Data for surgical outcomes, including operative time, estimated blood loss, changing hemoglobin level (δHb), hospitalization time, 12/24 h visual analog scale (pain scores ranging from 0 to 10 points measured 12 h and 24 h after surgery), Vancouver scar score (VSS) [10], and adverse outcomes of the LESS/CLS. The operative time was defined as the duration from the first incision to the final closure. Estimated blood loss was measured by the weight of the swabs (postoperative swab weight subtracted by the preoperative weight) and the blood collected during the procedure.

Screening criteria

Adverse outcomes were collected for analysis, which included estimated blood loss (≥ 500 ml), conversion to CLS (an additional 5-mm trocar was inserted in the right or left lower quadrant in the LESS group), and complications.
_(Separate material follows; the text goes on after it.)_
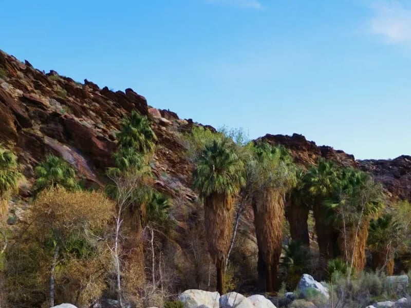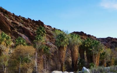 Andreas Canyon Trailhead sits just 15 minutes south of downtown Palm Springs, tucked within the Indian Canyons on the ancestral lands of the Agua Caliente Band of Cahuilla Indians. Despite its proximity to the city, the trail feels completely removed from the resort world, a lush oasis of towering palms, flowing water, and ancient stone where the Cahuilla people lived for thousands of years.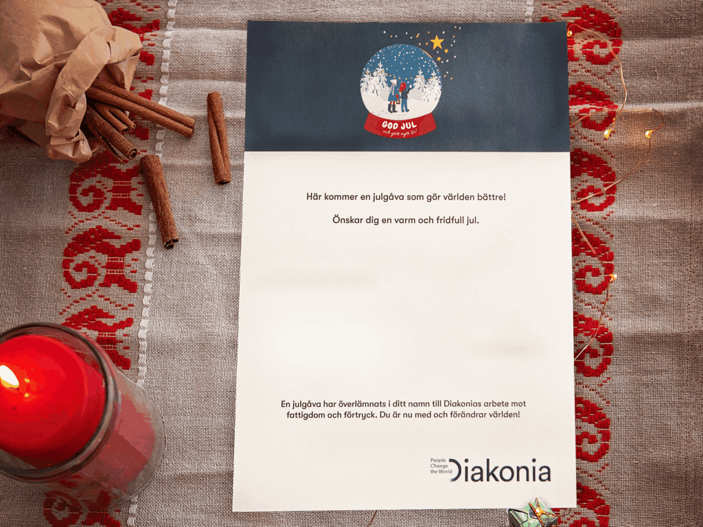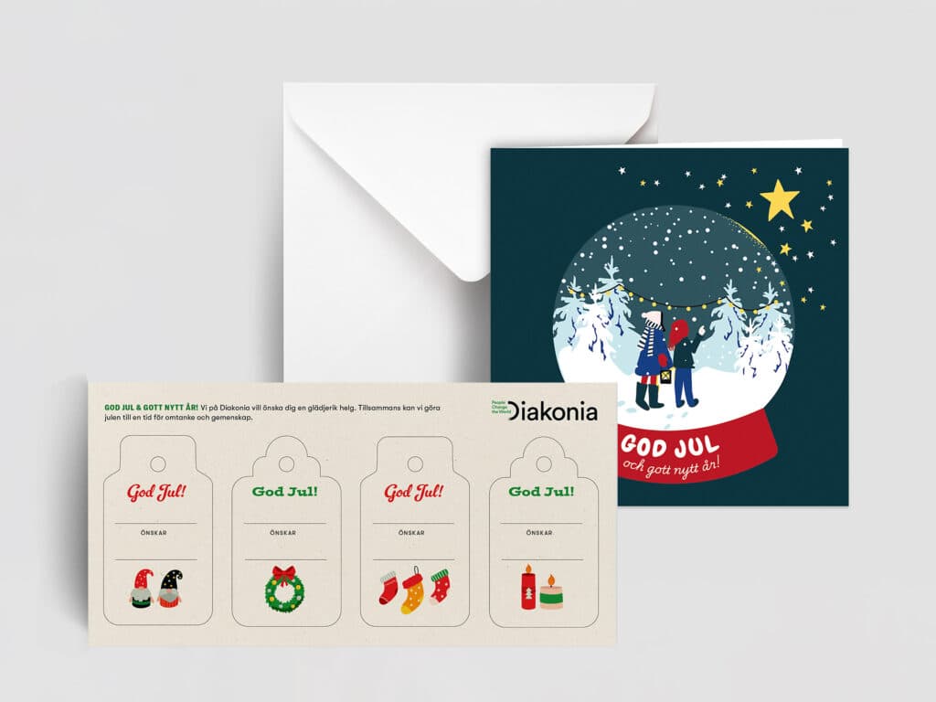 I årets julshop finns bara sådant som världen behöver just nu. Välj mellan Diakonias fysiska julkort som säljs i fempack, våra juletiketter eller ett digitalt gåvobevis som laddas ner direkt.

Complications were defined based on the Clavien-Dindo classification, which was grade II–V that occurred during the surgery, or any readmission and reoperation that occurred within 30 days after the first operation [11]. The classifications of surgical complications were as follows: (1) grade I, any deviation from the normal postoperative course without the need for pharmacological treatment or surgical, endoscopic, and radiological interventions; (2) grade II: requiring pharmacological treatment with drugs other than those allowed for grade I complications, including blood transfusions and total parenteral nutrition; (3) grade III: requiring surgical, endoscopic, or radiological intervention; grade III-a: intervention not under general anesthesia; grade III-b: intervention under general anesthesia; (4) grade IV: life-threatening complications (including CNS complications), requiring IC/ICU-management; grade IV-a: single organ dysfunction (including dialysis); Grade IV-b: multi-organ dysfunction; and (5) grade V: the death of a patient.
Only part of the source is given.